Each of the undersigned, in its capacity as a Guarantor, hereby does the following: (1) consents to the Increase Agreement; (2) acknowledges that the Increase Agreement does not in any way modify, limit, or release any of its obligations under the Guaranty and Security Agreement to which it is a party; (3) ratifies and confirms its obligations under the Guaranty and Security Agreement to which it is a party and acknowledges that those obligations continue in full force and effect; and (4) acknowledges that its consent to any other modification to any Loan Document will not be required as a result of the consent set forth in this Guarantor Acknowledgment having been obtained, except to the extent, if any, required by the specific terms of that Loan Document.
Dated as of the date of the Increase Agreement.

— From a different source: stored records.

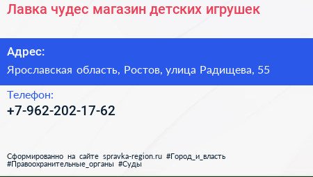 Лавка чудес, магазин детских игрушек по адресу Ярославская область, Ростов, улица Радищева, 55 в дальнейшем Организация, размещена в следующих категориях: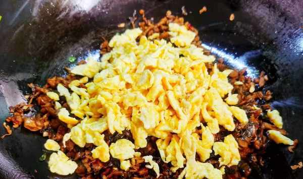 第四步:炒至幹巴巴後,再將盛出的雞蛋丁倒在外婆菜上面,再加入少許食用鹽和一勺生抽,翻炒均勻入味,出鍋前撒上備好的蔥花,即可關火出鍋。這道雞蛋炒外婆菜就做好瞭,簡單省時,味道超絕,尤其是搭配米飯吃,傢人都嫌米飯不夠吃喲!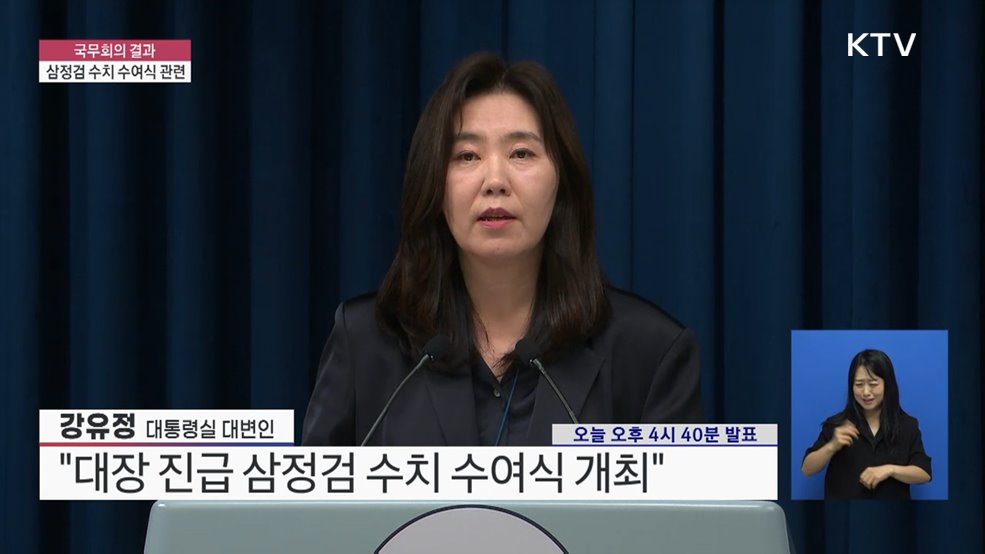 국무회의 결과·삼정검 수치 수여식 관련강유정 / 대통령실 대변인 (오늘 오후 4시 40분 발표)(장소: 대통령실 브리핑룸)
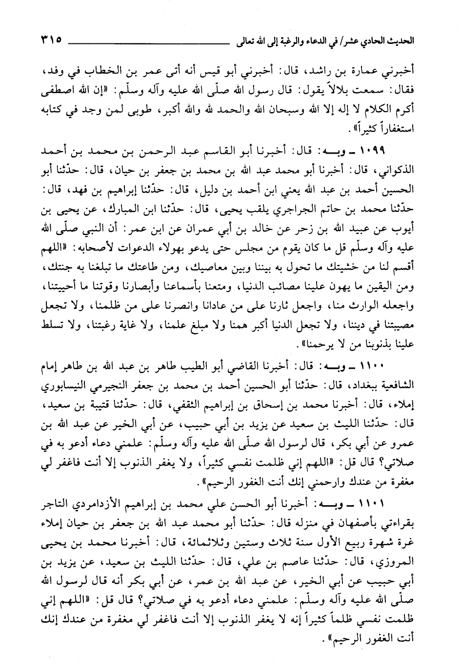 1100 - أَخْبَرَنَا الْقَاضِي أَبُو الطَّيِّبِ طَاهِرُ بْنُ عَبْدِ اللَّهِ بْنِ طَاهِرٍ، إِمَامُ الشَّافِعِيَّةِ بِبَغْدَادَ، قَالَ: حَدَّثَنَا أَبُو الْحُسْيَنِ أَحْمَدُ بْنُ مُحَمَّدِ بْنِ جَعْفَرٍ النَّجِيرَمِيُّ النَّيْسَابُورِيُّ، إِمْلَاءً، قَالَ: أَخْبَرَنَا مُحَمَّدُ بْنُ إِسْحَاقَ بْنِ إِبْرَاهِيمَ الثَّقَفِيُّ، قَالَ: حَدَّثَنَا قُتَيْبَةُ بْنُ سَعِيدٍ، قَالَ: حَدَّثَنَا اللَّيْثُ بْنُ سَعْدٍ، عَنْ يَزِيدَ بْنِ أَبِي حَبِيبٍ، عَنْ أَبِي الْخَيْرِ، عَنْ عَبْدِ اللَّهِ بْنِ عَمْرٍو، عَنْ أَبِي بَكْرٍ، قَالَ لِرَسُولِ اللَّهِ صَلَّى اللَّهُ عَلَيْهِ وَآلِهِ وَسَلَّمَ: عَلِّمْنِي دُعَاءً أَدْعُو بِهِ فِي صَلَاتِي قَالَ: قُلْ: «اللَّهُمَّ إِنِّي ظَلَمْتُ نَفْسِي كَثِيرًا، وَلَا يَغْفِرُ الذُّنُوبَ إِلَّا أَنْتَ فَاغْفِرْ لِي مَغْفِرَةً مِنْ عِنْدِكَ وَارْحَمْنِي إِنَّكَ أَنْتَ الْغَفُورُ الرَّحِيمُ»

PV ACQUISITION CORP., an Alberta corporation By: /s/ Christopher A. Wilson Name: Christopher A. Wilson Title: Secretary | GFN MANUFACTURING CORPORATION, a Delaware corporation By: /s/ Christopher A. Wilson Name: Christopher A. Wilson Title: Secretary |
Guarantor Acknowledgment to Increase and Joinder Agreement (Pac-Van | Associated Bank)
EXHIBIT A
Replacement Schedule C-1 to Credit Agreement
(See attached.)
SCHEDULE C-1
Commitments
Lender | Revolver Commitment | Last-Out Term Loan Commitment | Total Commitment |
Wells Fargo Bank, National Association | $67,000,000 | $0 | $67,000,000 |
East West Bank | $40,000,000 | $0 | $40,000,000 |
CIT Bank, N.A. (f/k/a OneWest Bank N.A., successor in interest to OneWest Bank, FSB) | $35,000,000 | $0 | $35,000,000 |
The PrivateBank and Trust Company | $25,000,000 | $0 | $25,000,000 |
KeyBank, National Association | $20,000,000 | $0 | $20,000,000 |
Bank Hapoalim B.M. | $15,000,000 | $0 | $15,000,000 |
Associated Bank, N.A. | $15,000,000 | $0 | $15,000,000 |
GACP I, L.P. | $0 | $20,000,000 | $20,000,000 |
| | | |
All Lenders | $217,000,000 | $20,000,000 | $237,000,000 |
In accordance with the Credit Agreement, the Last-Out Term Loan Commitment terminated upon the making of the Last-Out Term Loan on the Amendment No. 6 Effective Date.